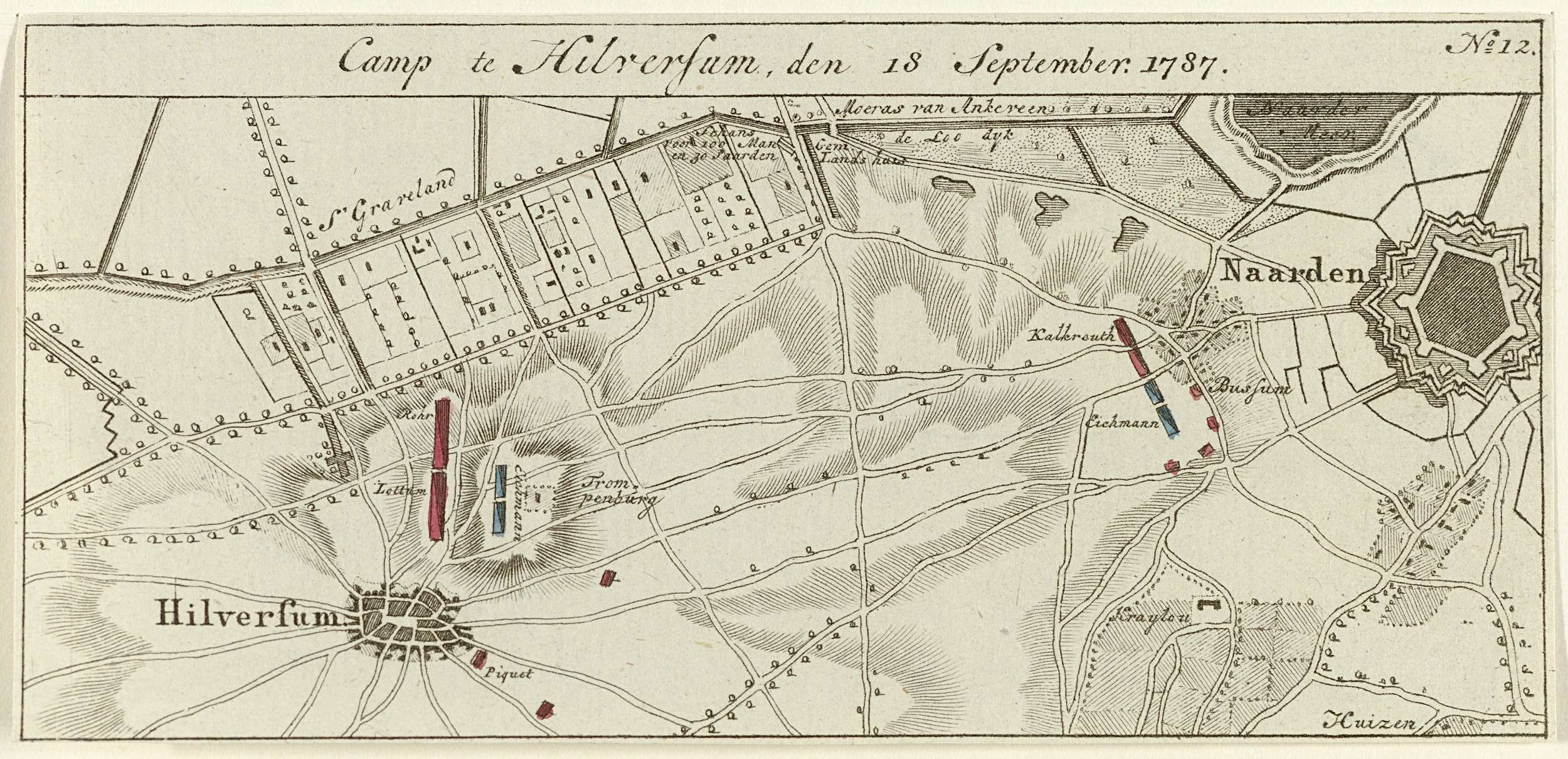 Kaart met de ligging van het kampement van de Pruisische troepen bij Hilversum op 18 september 1787. Onderdeel van een groep van veertien genummerde kaartjes van de kampementen van de Pruisische troepen tijdens de interventie in de Nederlanden in september 1787.
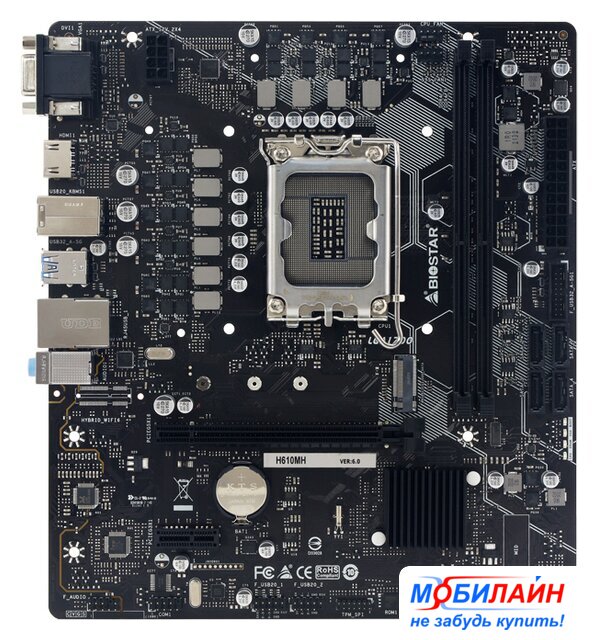 mATX, чипсет Intel H610, память 2xDDR4 до 3200 МГц, слоты: 1xPCIe x16 4.0, 1xPCIe x1, 1xM.2
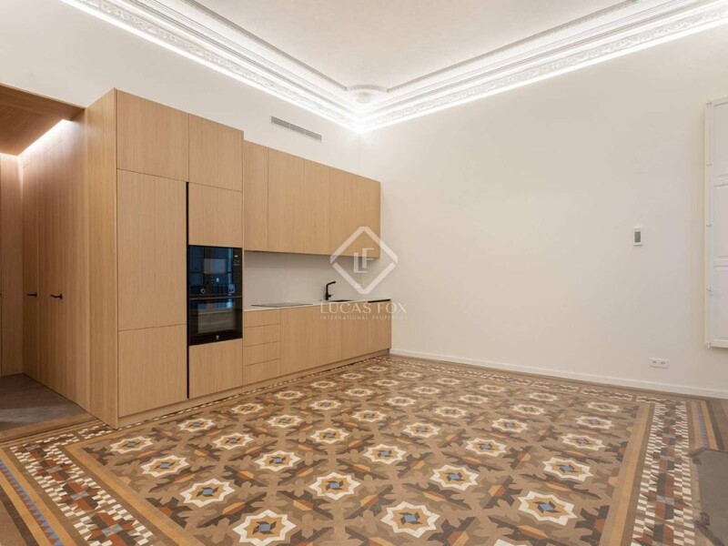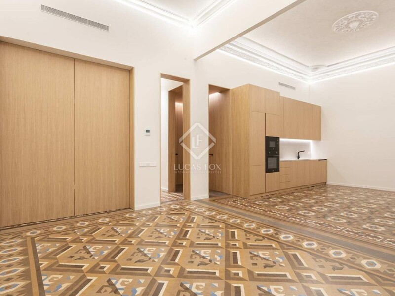 This 19th century building has been restored respecting the original grandeur, recovering the mural markings and highlighting its carriage entrance and a large interior patio. The elevator was installed in a way that did not alter the aesthetics of the building, inside a glass structure at the back of the central patio. This fantastic home is unique for its style and spectacular renovation. It consists of about 100 m2 and has 4-meter ceilings, a hydraulic system in perfect condition and recently renovated insulated windows. This beautiful apartment has a very intelligent layout: two bedrooms, two full bathrooms and a large day area, difficult to find nowadays. In this jewel of a home in the Gothic Quarter we find the large living room and open kitchen, both areas with two large balconies facing the street. The apartment has ducted air conditioning perfect for being comfortable both in summer and winter. The apartment consists of an open kitchen integrated into a spacious living-dining room, whose hydraulic mosaic floors are still preserved in magnificent condition, two very large and quiet double bedrooms (one of them with a private bathroom) and a complete bathroom for general use. Please do not hesitate to contact us for more information and/or to arrange a visit of this true gem of the neighborhood.
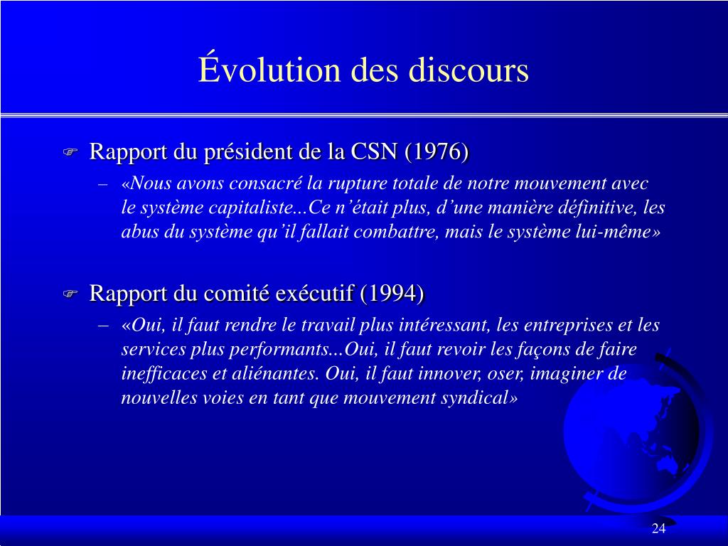Évolution des discours • Rapport du président de la CSN (1976) • «Nous avons consacré la rupture totale de notre mouvement avec le système capitaliste...Ce n’était plus, d’une manière définitive, les abus du système qu’il fallait combattre, mais le système lui-même» • Rapport du comité exécutif (1994) • «Oui, il faut rendre le travail plus intéressant, les entreprises et les services plus performants...Oui, il faut revoir les façons de faire inefficaces et aliénantes. Oui, il faut innover, oser, imaginer de nouvelles voies en tant que mouvement syndical»
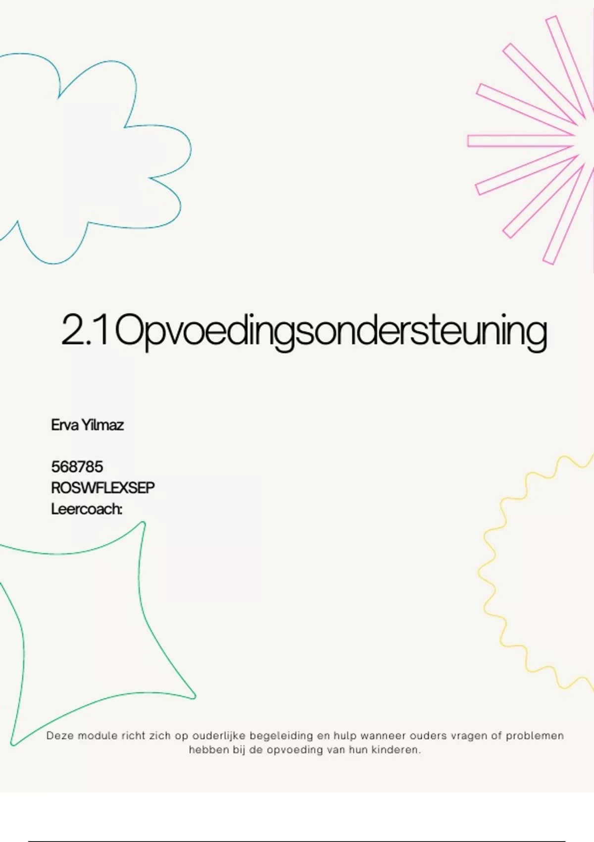 Voor de module 2.1. Opvoedingsondersteuning heb ik twee gezinnen geïnterviewd die vragen hadden over
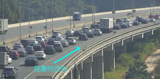 注意前方即将进入隧道路段,请司机服从现场民警指挥、有序轮候通行;或者提前从樟木头收费站出口、谢岗收费站出口下高速,从地方公路绕行前往惠州。
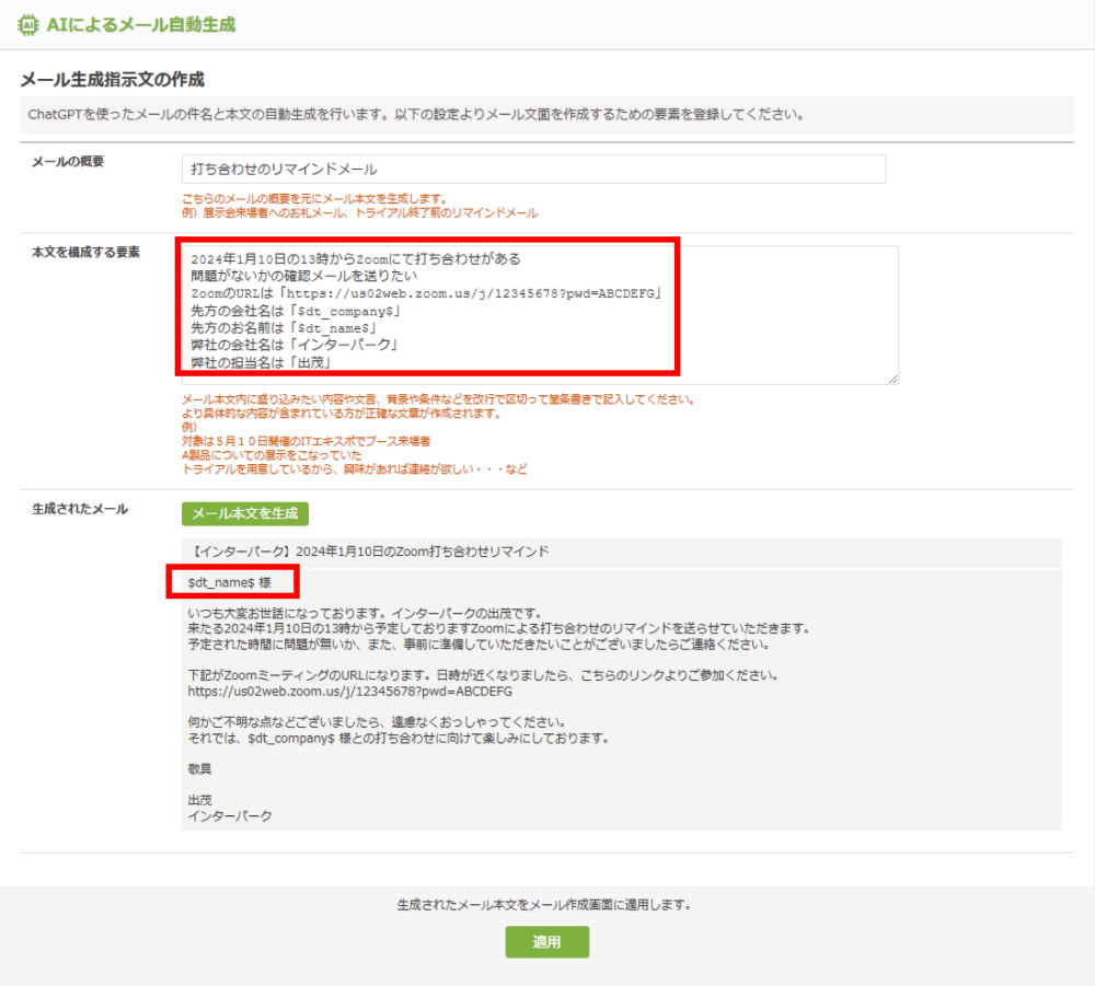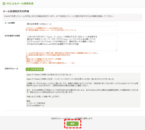 2~3分(ChatGPTの処理が多い場合は数分)お待ち頂くと、「生成されたメール」にメールの「件名」と「本文」が生成され表示されます。問題がなければ「適用」をクリックします。
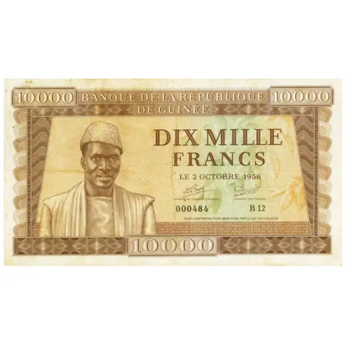 BANQUE DE LA RÉPUBLIQUE DE GUINÉE DIX MILLE FRANCS LE 2 OCTOBRE 1958 TOUT CONTREFACTEUR SERA PUNI PAR LA LOI EN VIGUEUR |
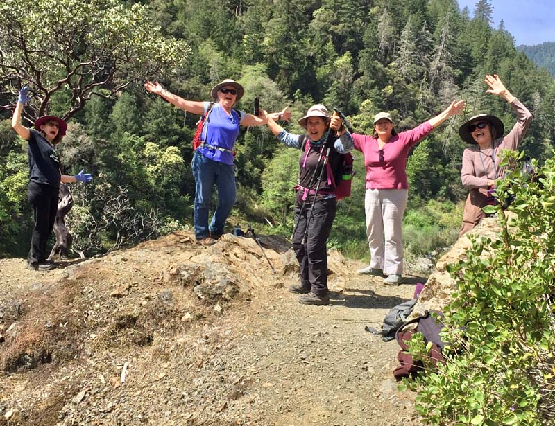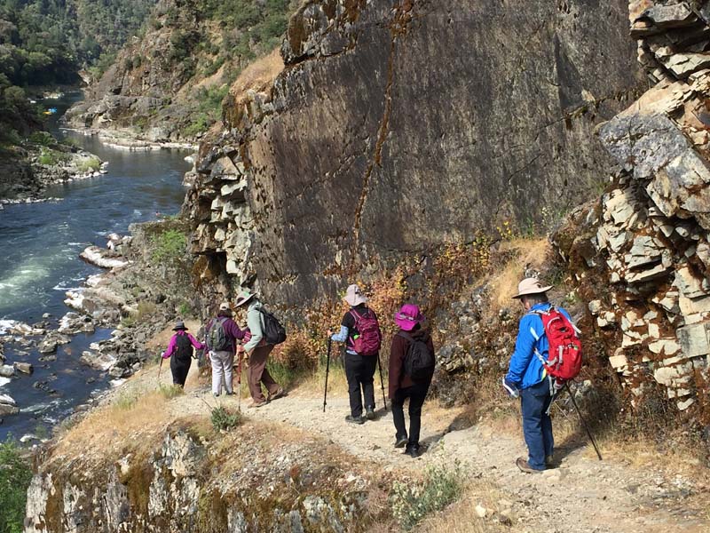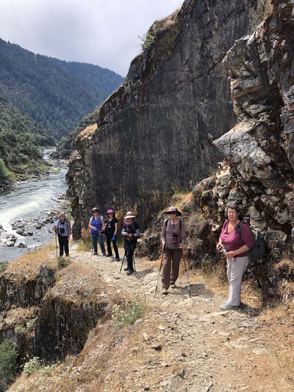 Joan, MaryAnn, Peggy, Cindy, Jackie, Kay and Elisabeth enjoyed a six-mile RT hike on the Lower Rogue Trail in perfect weather and amidst the abundance of wildflowers. Watching and waving to rafters navigating the river creates a special sense of ‘river community.’
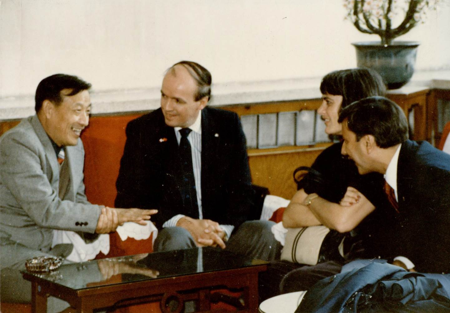 图11:1986年,776net必赢官网副校长沈家骢教授(左1)与加拿大温泽大学代表团交流
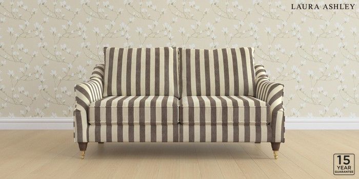 6.12.1 Buy Beverley by Laura Ashley 3 Seater Small Sofa Orla Stripe Dark Truffle Natural Low Brass Castor - Chestnut from the Next UK online shop Click here to use our accessible website

Your assignment —
Give again, word for word, every line from the top of the entries above to the line holding "mATX, чипсет Intel", both included. Leave the pictures out.

Response —
 Kaart met de ligging van het kampement van de Pruisische troepen bij Hilversum op 18 september 1787. Onderdeel van een groep van veertien genummerde kaartjes van de kampementen van de Pruisische troepen tijdens de interventie in de Nederlanden in september 1787.
 mATX, чипсет Intel H610, память 2xDDR4 до 3200 МГц, слоты: 1xPCIe x16 4.0, 1xPCIe x1, 1xM.2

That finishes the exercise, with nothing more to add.